→ Source material
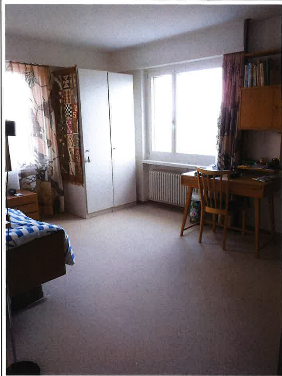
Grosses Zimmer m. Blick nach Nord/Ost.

* * *

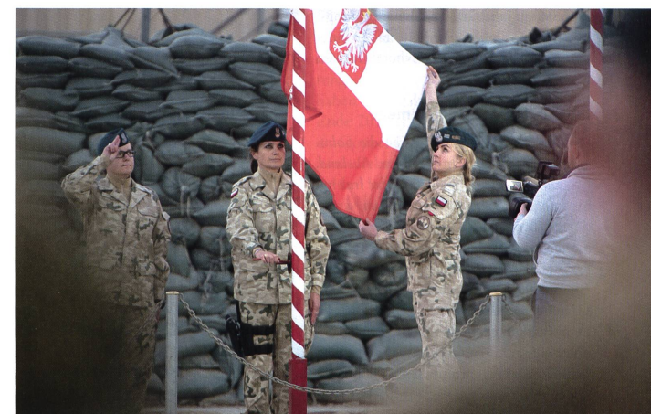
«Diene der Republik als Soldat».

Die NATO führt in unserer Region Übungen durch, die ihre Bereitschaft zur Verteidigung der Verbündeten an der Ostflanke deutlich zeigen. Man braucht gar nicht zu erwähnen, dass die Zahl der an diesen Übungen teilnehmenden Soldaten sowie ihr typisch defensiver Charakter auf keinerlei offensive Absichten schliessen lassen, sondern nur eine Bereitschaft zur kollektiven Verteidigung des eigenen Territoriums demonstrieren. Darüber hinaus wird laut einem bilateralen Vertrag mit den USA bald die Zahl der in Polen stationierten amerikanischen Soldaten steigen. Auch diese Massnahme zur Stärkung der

==

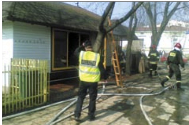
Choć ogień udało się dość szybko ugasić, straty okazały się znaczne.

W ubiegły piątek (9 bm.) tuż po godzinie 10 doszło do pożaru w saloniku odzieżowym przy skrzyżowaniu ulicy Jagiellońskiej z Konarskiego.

→ What is being asked
Print, from the entries above, the line with "Choć ogień udało", the line with "W ubiegły piątek" and all lines between them, exactly and with nothing else.

→ Solution
Choć ogień udało się dość szybko ugasić, straty okazały się znaczne.

W ubiegły piątek (9 bm.) tuż po godzinie 10 doszło do pożaru w saloniku odzieżowym przy skrzyżowaniu ulicy Jagiellońskiej z Konarskiego.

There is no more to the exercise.